The agency also noted that developers should conduct sequence alignment of their primer and probe sequences with available SARS-CoV-2 genomes to determine whether the mutations will impact performance. If there is an impact from a mutation, developers should determine whether the mutations could reduce performance by 5 percent or more from the previously established performance and if so, notify the agency with a supplemental EUA request.

The FDA also said developers should evaluate hybridization changes if there is a mutation expected to result in a mismatch within the target primer and probe binding sites. The developers should provide the FDA with information on the results from melting temperature calculations with the primers and probes, an analysis on how the melting temperature changes as the salt and primer concentration changes, analysis of the likelihood the mutation will impact performance, and an evaluation of that impact on benefits and risks for the tests.
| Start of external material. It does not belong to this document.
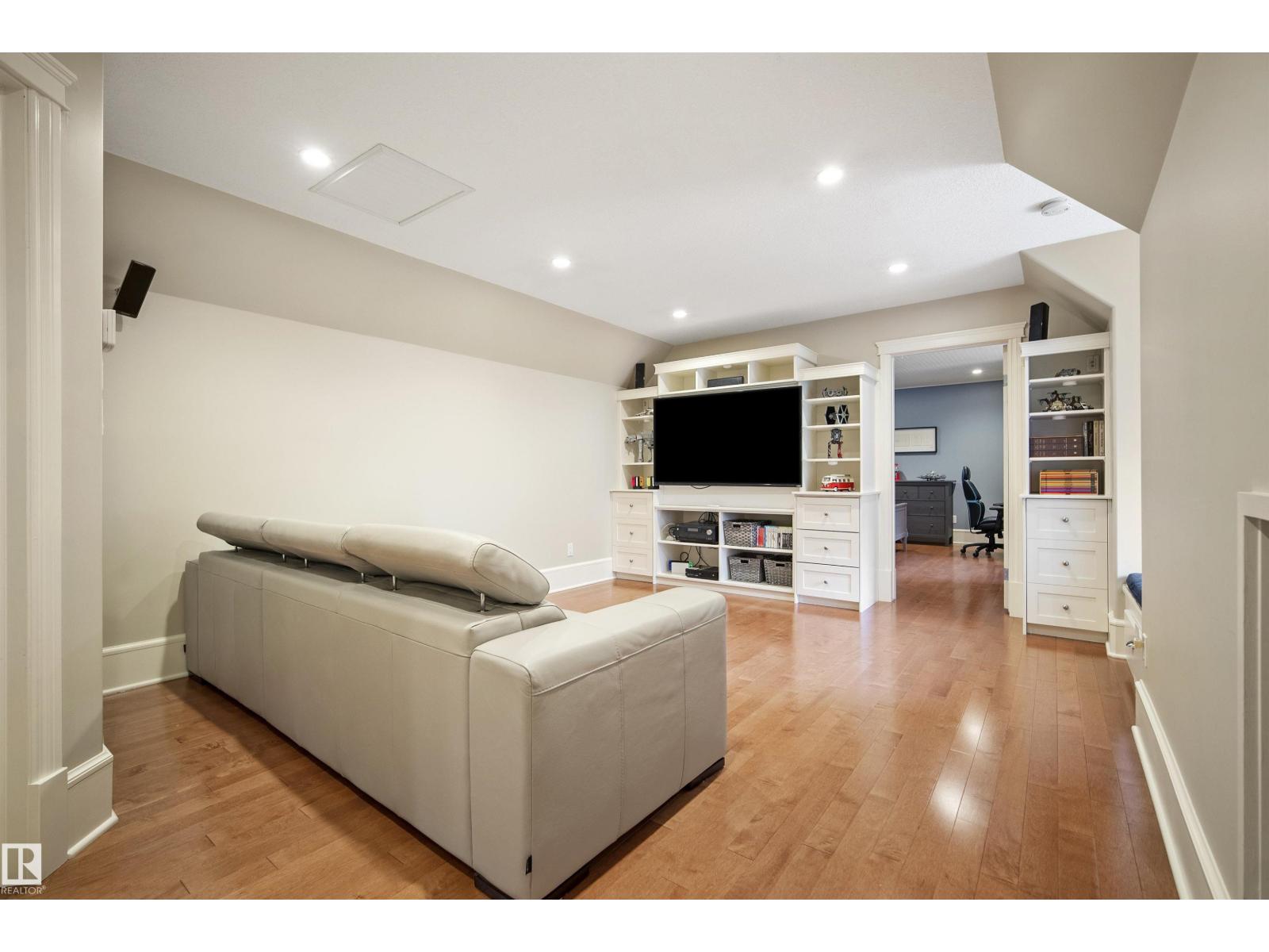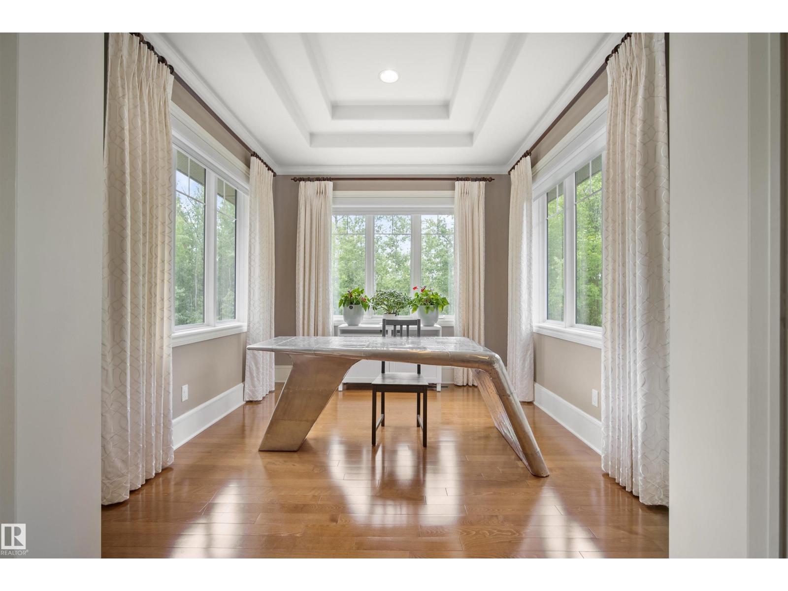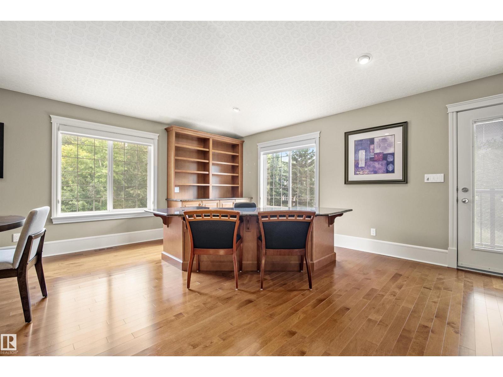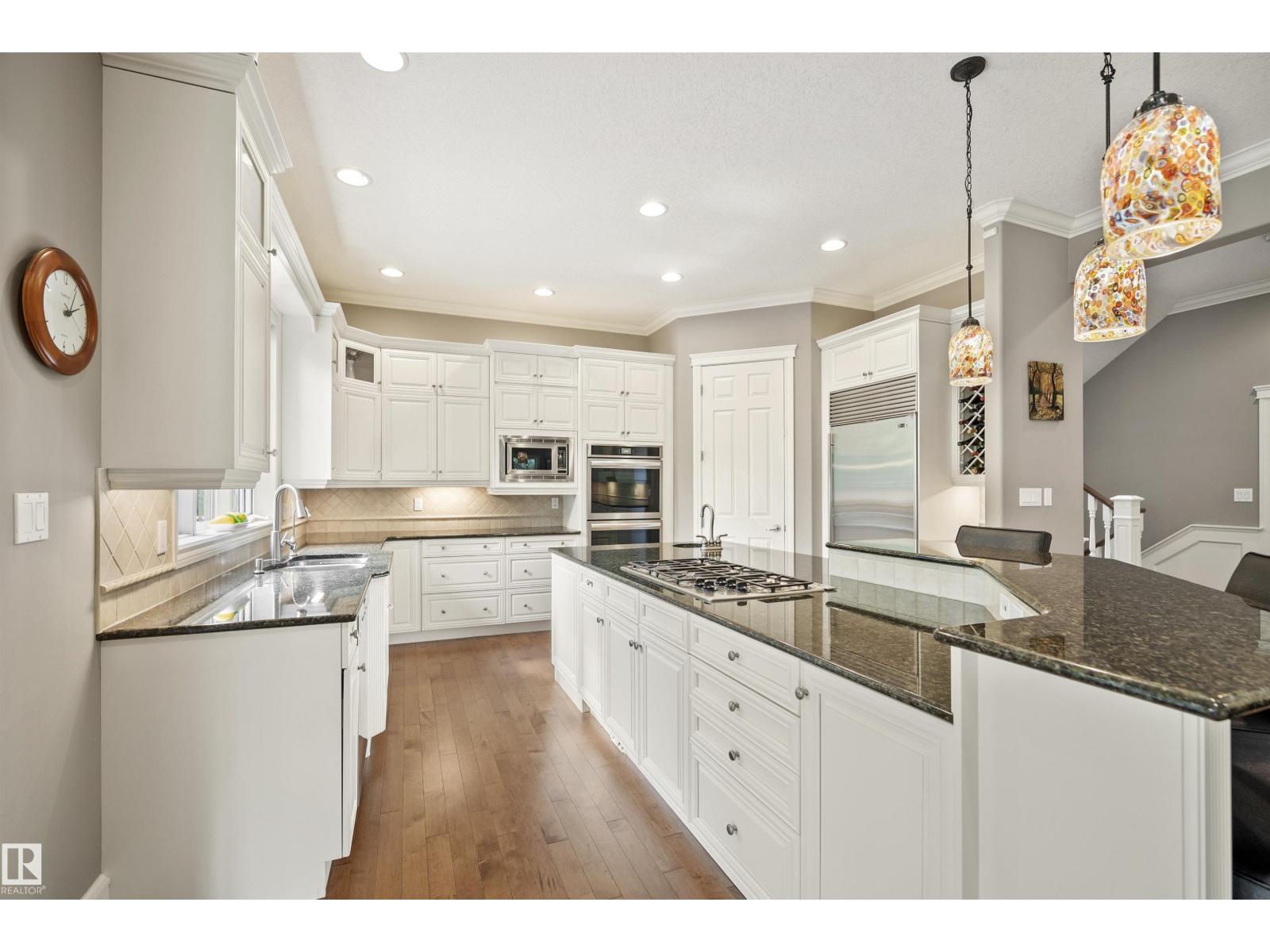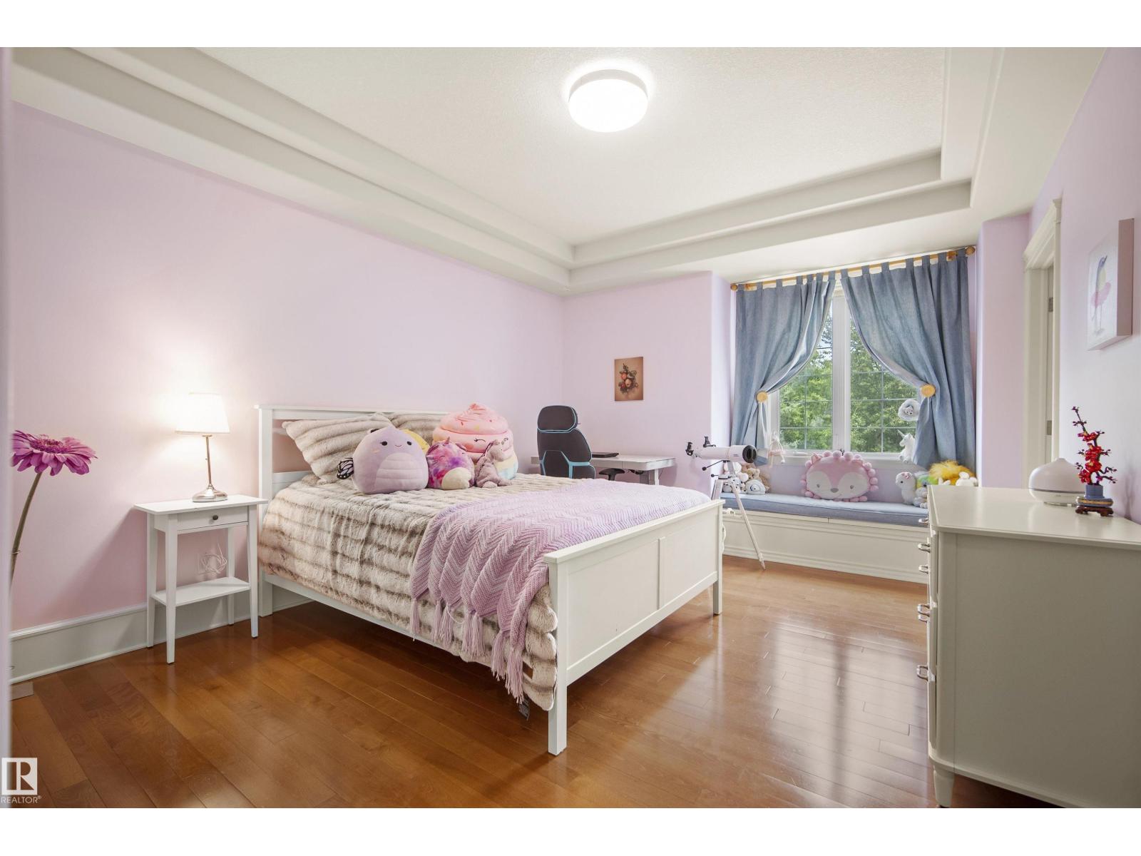 Welcome to this exceptional family estate where timeless design meets everyday luxury. Tucked away on 2 private acres in a quiet cul-de-sac, this home is a short walk to SWP Natural Area & Deermound Dog Park (via neighbourhood pathway). Offering 5860+ sf of beautifully finished living space across 3 levels, this home blends elegance & functionality. The upper level features 4 generous bedrooms, each with its own ensuite. The main floor impresses with two wood-burning fireplaces and a chef-inspired kitchen. The walkout basement is built for entertaining with a full bar, rec room, theatre, & gym. There is a complementary 1400+ sf detached carriage suite. Thoughtful extras include AC, in-floor heat, laundry chute, central vac, built-in speakers, cold storage, gas BBQ hookups, RV parking (30-amp), aggregate driveway, epoxy garage floors, dog wash, dog run, & playhouse. 2 triple garages (5 vehicles + workshop). City water. Just minutes to SWP and EDM, this is refined acreage living in Waterton Estates. (id:63190)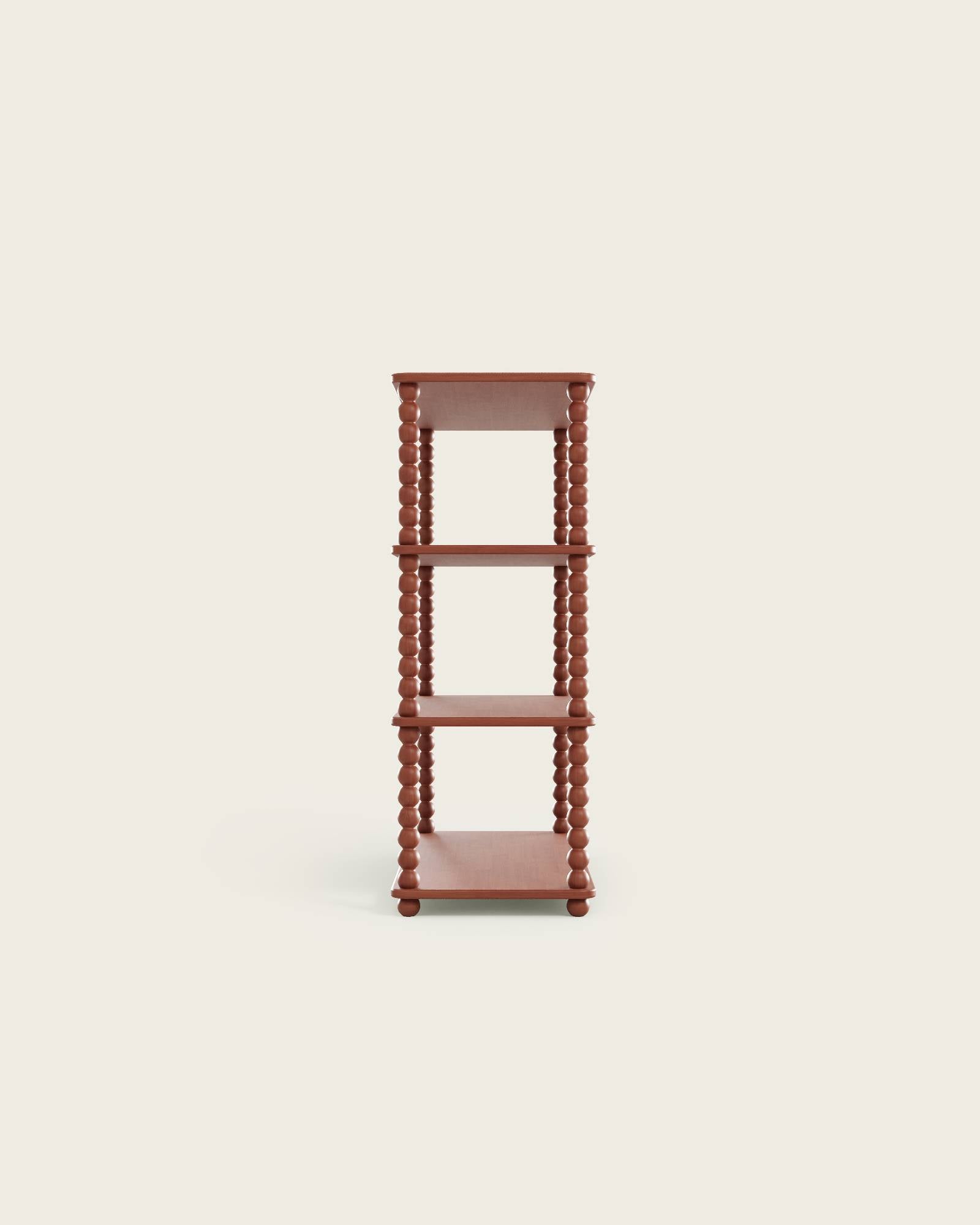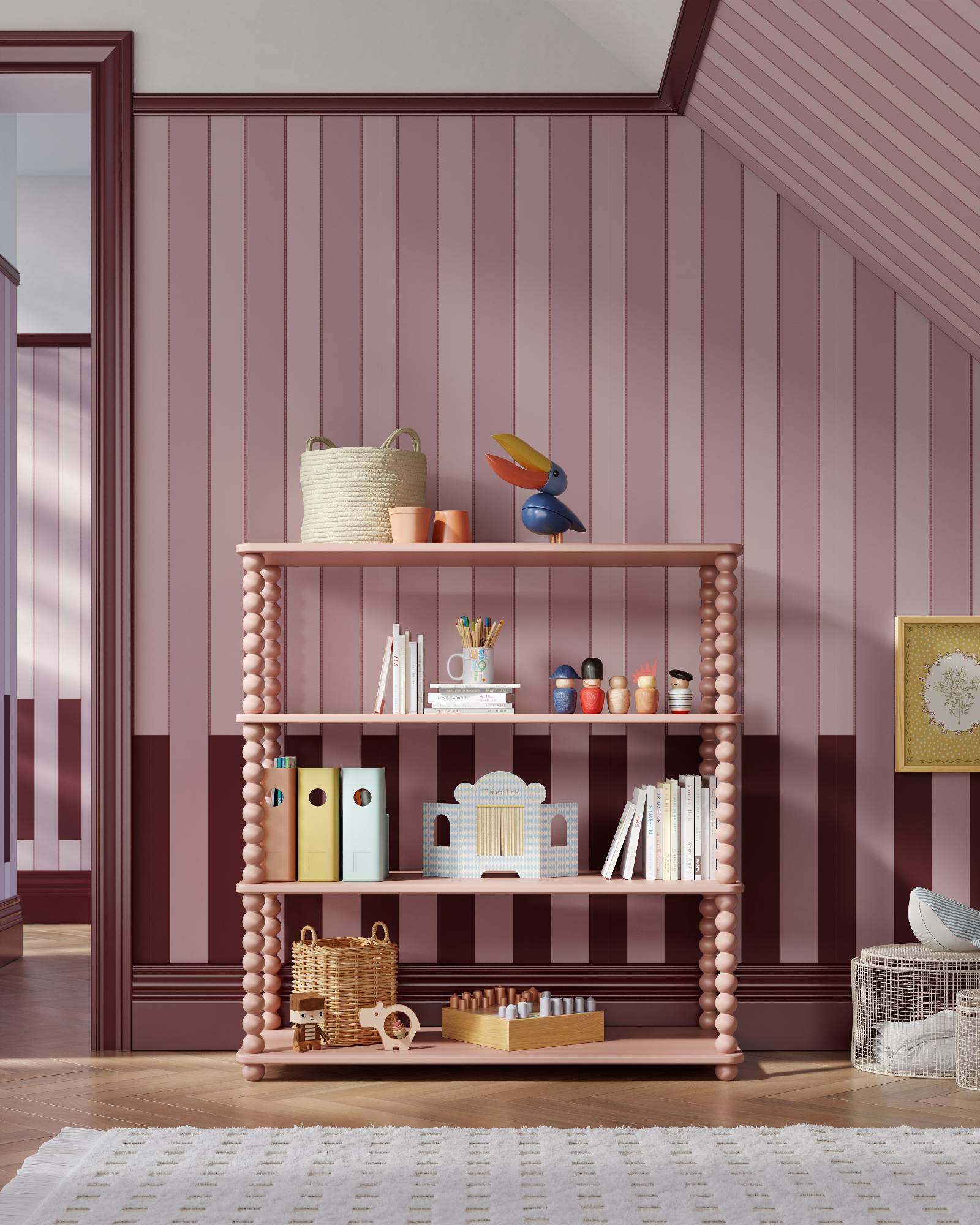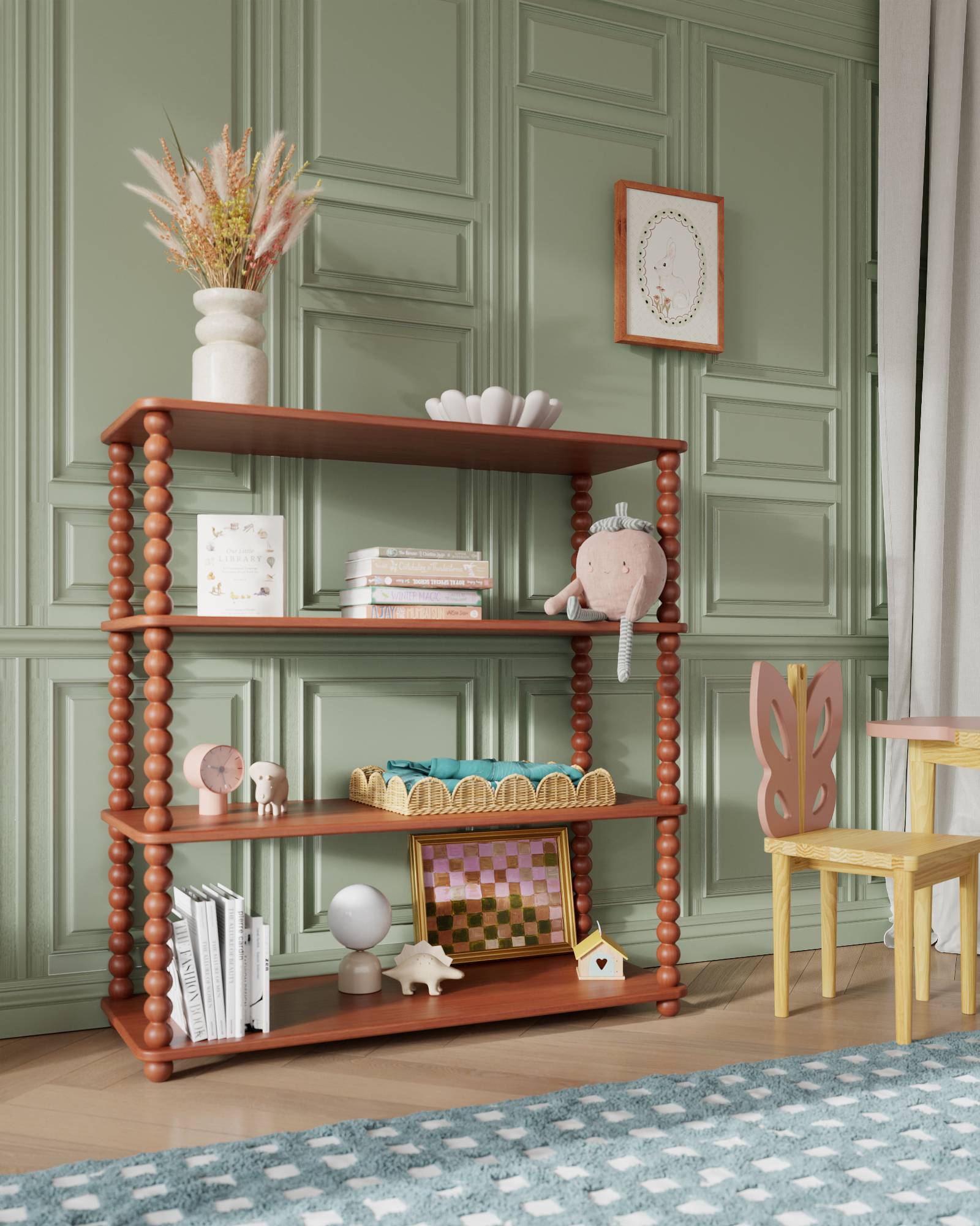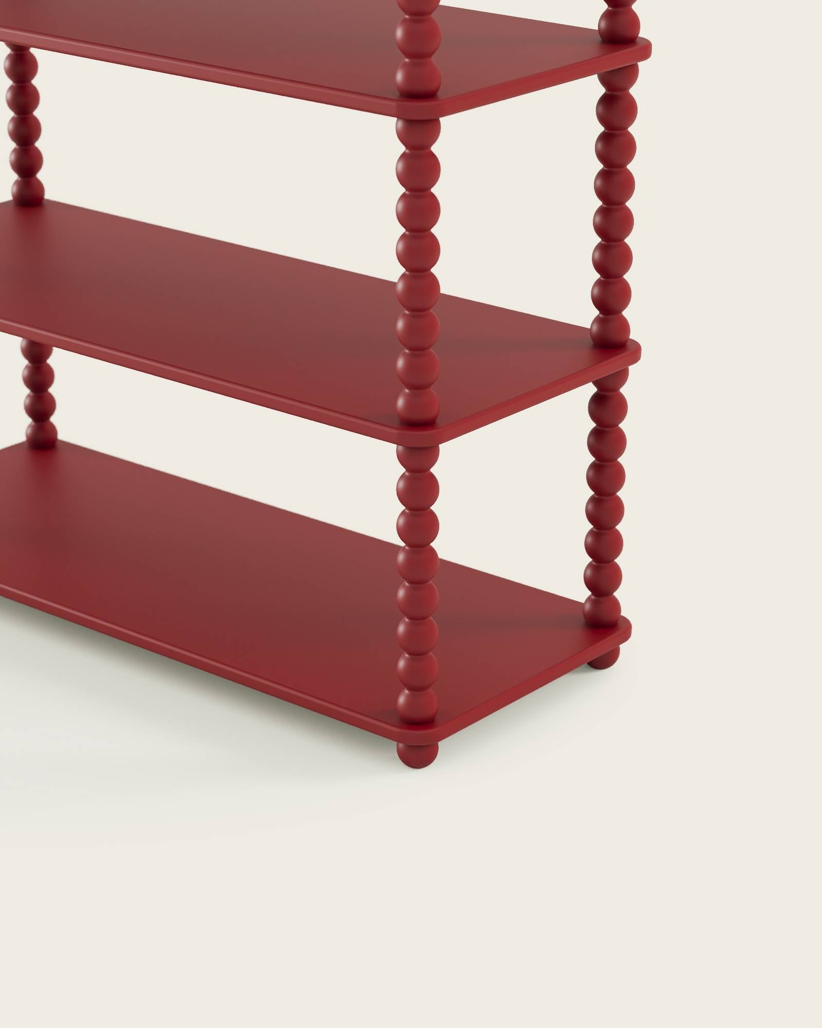 Une étagère qui a une histoire. Ce meuble intemporel est conçu pour accueillir tous leurs trésors, des livres préférés aux jouets préférés. Sa structure ouverte et sa hauteur idéale invitent les plus petits à explorer, tandis que les barreaux en bois tourné ajoutent une touche classique et traditionnelle. Ses lignes épurées lui confèrent un style léger et moderne, qui s'intègre harmonieusement dans n'importe quelle pièce.

It should also provide a justification for any actions taken based on the analysis outcomes. 

For antigen and serology tests, the FDA said developers should connect with the agency early in test development to make sure they hear about new recommendations to evaluate the impact of variants on these tests. Currently the agency is "considering how to best assess the impact" of mutations on these tests. Developers of antigen and serology tests should make a plan to monitor for new mutations and assess the impact as needed.

Since the original SARS-CoV-2 virus was first detected and identified more than a year ago, variants of it, notably the B117 variant first isolated in the UK; the South African variant, or B1351; and the Brazilian variant, or P1, have been identified and found in the US.

In the FDA's statement, Acting FDA Commissioner Janet Woodcock said that emergence of the variants has raised concerns about whether existing and COVID-19 tests in development would be able to detect them. 

"By issuing these guidances, we want the American public to know that we are using every tool in our toolbox to fight this pandemic, including pivoting as the virus adapts," Woodcock said. "We need to arm health care providers with the best available diagnostics, therapeutics and vaccines to fight this virus.